She muttered derisively as she perused the Sunday paper. Amazingly, she wasn’t even reading my column.
Rather, she was looking through the 2008 Parade of Homes guidebook, in which the lowest-priced single-family home this year cost $281,076. The lowest-priced townhome, this year, was $169,900.
“Who’s buying these things?” she asked as she looked at the “middle of the road” selections, around half a million bucks. Well, I suggested, maybe the people working for LGH.
And the trend - both in the Parade of Homes and in the home market here in general - has long been towards larger, more expensive homes. I’m sure individual builders would take umbrage at the term “McMansion,” but in fact a whole lot of 2,500-4,000 square foot homes with large open foyers, 3-car garages and more have been built in Lancaster County in recent years.
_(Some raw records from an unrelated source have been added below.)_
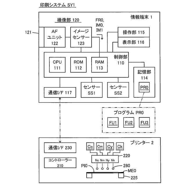【解決手段】媒体は、テストパターン、並びに、撮像部のブレを検知するための複数のブレ検知領域であって第一ブレ検知領域及び第二ブレ検知領域を含む前記複数のブレ検知領域を撮像対象領域に有している。前記第一ブレ検知領域と前記第二ブレ検知領域とは、互いに、前記撮像対象領域の中心を通る直線と、前記テストパターンと、の少なくとも一方を挟む位置にある。制御部は、撮像部から前記撮像対象領域の画像を取得し、前記画像に含まれる前記第一ブレ検知領域にブレがあるか否か、及び、前記画像に含まれる前記第二ブレ検知領域にブレがあるか否かを検知し、前記第一ブレ検知領域と前記第二ブレ検知領域の両方にブレがないと検知すると前記画像に含まれる前記テストパターンにブレがないと判定する。
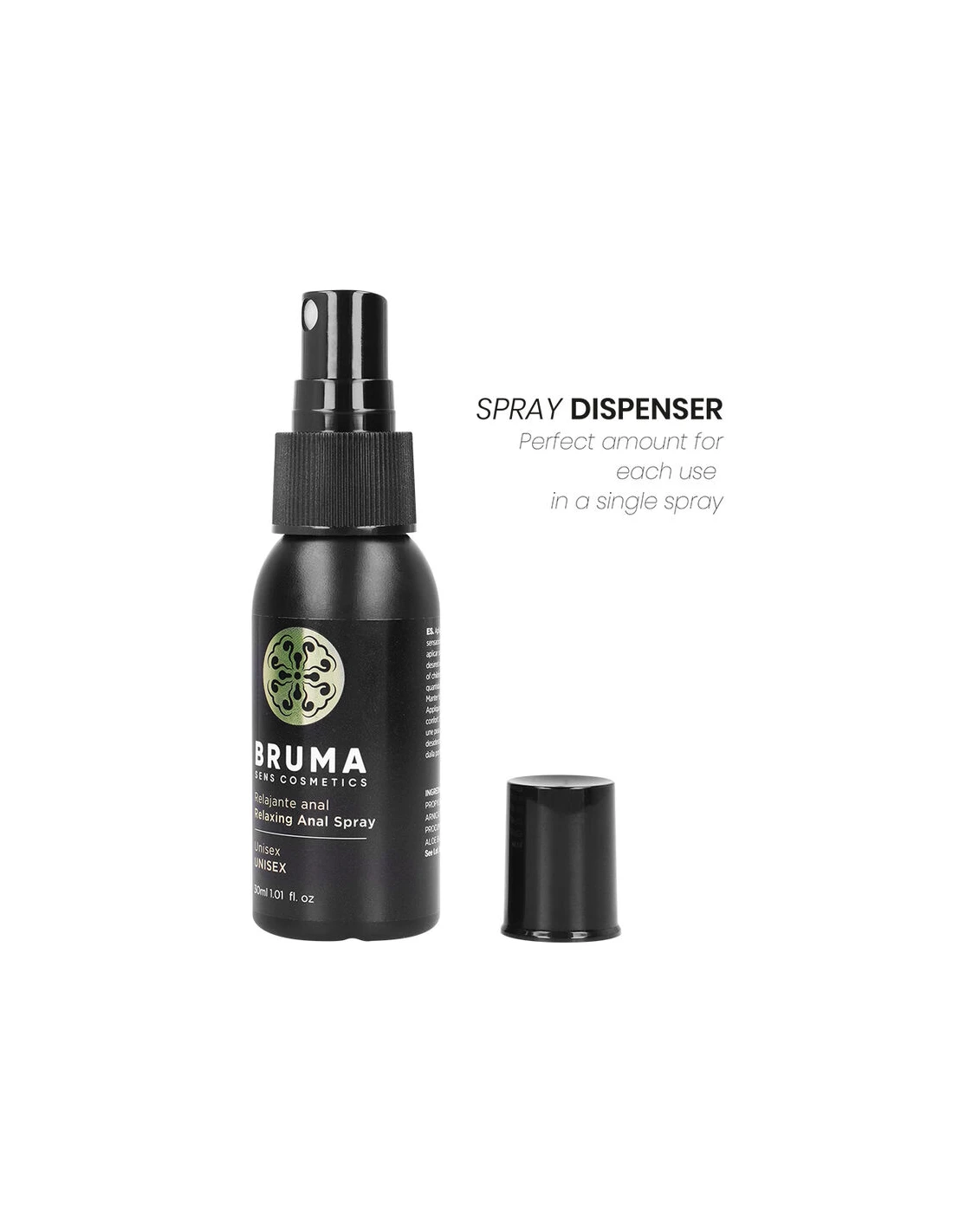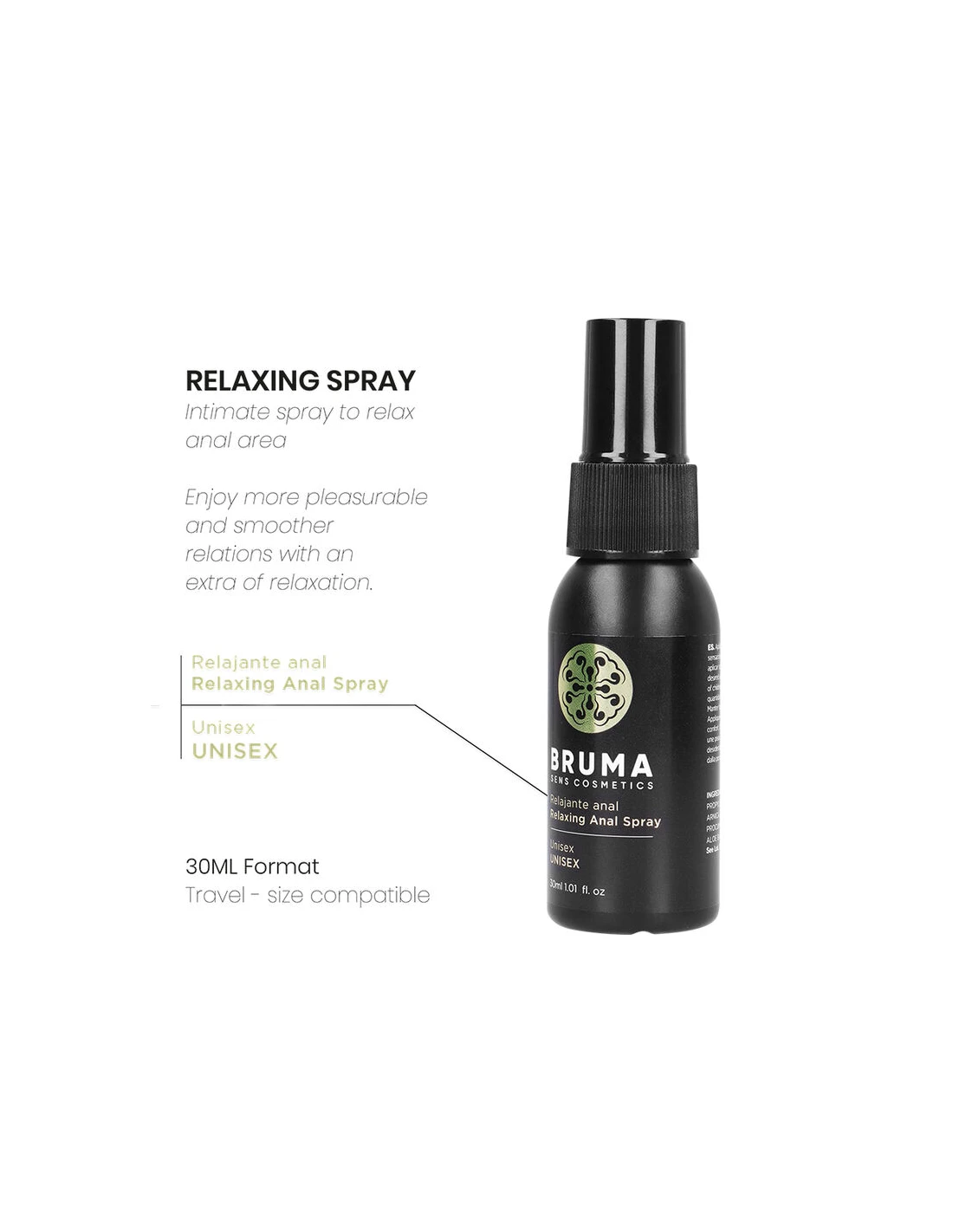 - Spray anal relajante: Formulado para relajar los músculos de la zona anal, este spray facilita la comodidad y reduce la tensión, proporcionando una experiencia más placentera y libre de molestias. Perfecto para quienes buscan mejorar su confort durante las relaciones anales, el spray de BRUMA es ideal para suavizar y preparar la zona, asegurando una experiencia más agradable.
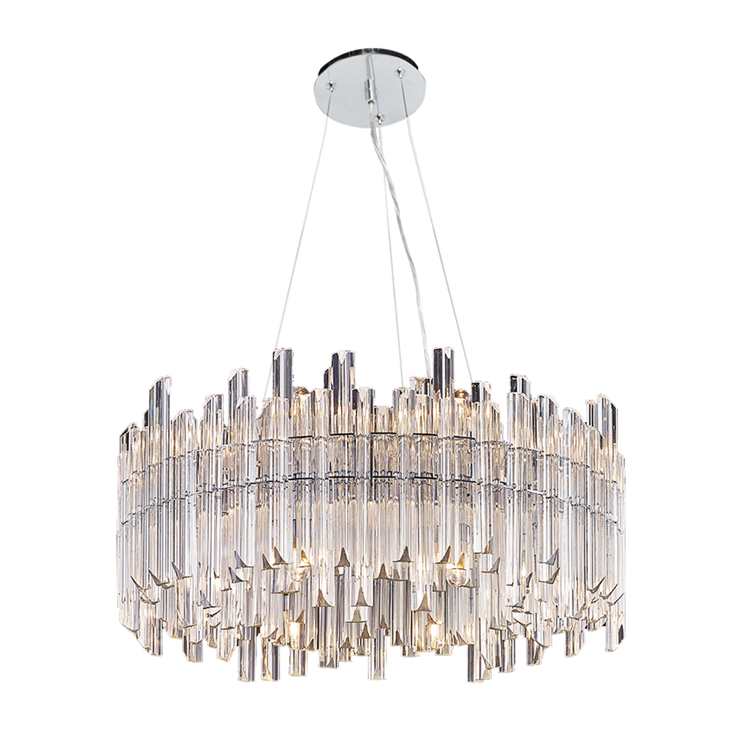 Lámpara colgante con cuerpo de cristal biselado en acabado en cromo con cable de 3m, 12 luces
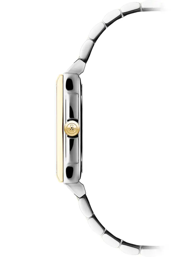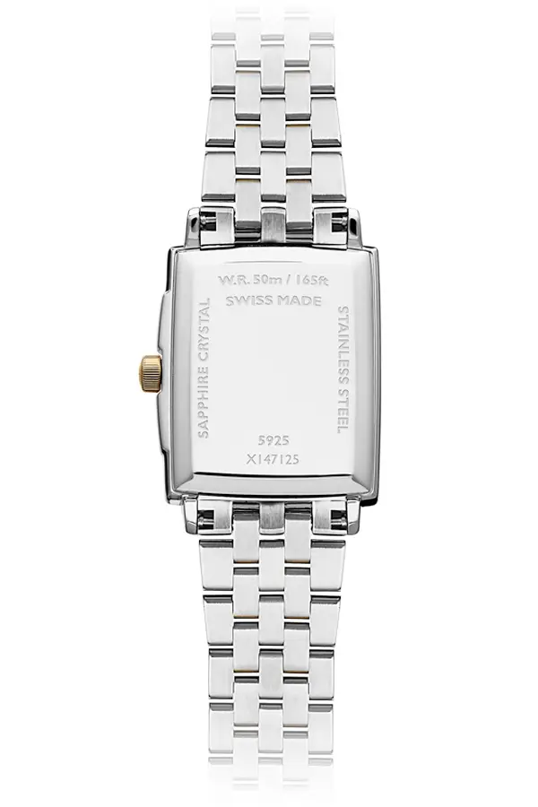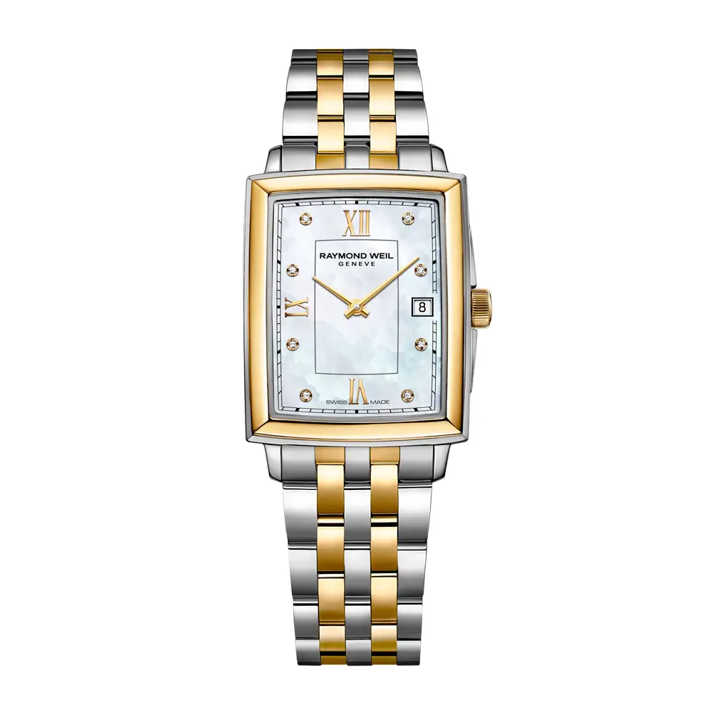 Raymond Weil Toccata 5925-STP-00995 сочетает в себе элегантность ар-деко, женственность и швейцарскую точность. Прямоугольный корпус размером 22,6 × 28,1 мм выполнен из нержавеющей стали с покрытием из жёлтого PVD-золота и защищён сапфировым стеклом, устойчивым к царапинам. Перламутровый циферблат украшен 8 бриллиантовыми метками и римскими цифрами, создавая изысканный и утончённый облик.

Really, that’s the only type of home that’s been built in Lancaster County in recent years, not counting townhomes; middling home buyers (and here I’m talking those who don’t want to spend more than $250,000 but would prefer to keep it at $200,000, even below) basically have two choices: They can buy one of those townhomes. But if they want a single-family detached home, they can’t get a new one, because new ones in that price range simply aren’t being built. So they’ll have to settle for an older home in an older neighborhood.
And builders/developers will give you the whole laundry list of reasons why this is - why those Parade of Homes prices should keep going up and up and up, year after year.
But the housing market is obviously changing, in reaction to the crisis. As is often the case, it happens first in California:
During the bubble, KB Home, like many other big builders, blew up its old-line business by going ritzy and building expensive houses. Now KB is among the first homebuilders to recognize the error of its ways, and it is returning to its roots as a purveyor of low-cost, smaller homes. In some cases KB is even using the same façades from the go-go years and then shrinking the house that lurks behind them to be half as deep - and about half as expensive. “If I had to write a headline for housing, it would be back to basics,” says Broad. “The right thing to do is just what KB is doing: build starter homes that compete with rentals.”
Entry-level buyers, the piece goes on to say, comprise a full 30 percent of the homebuying market. Well, they’re obviously not buying expansive, $500,000 mini-mansions, and now, in our new era of forced austerity, people are willing to trade the “cathedral ceilings, formal dining and living rooms, and fancy wrought-iron railings” for lower prices.
Trends always take, what - two years to filter down to Lancaster from New York and California? In any event, be interested to see if the lowest-priced homes in next year’s Parade reflect the conventional wisdom - or the new ecconomic reality.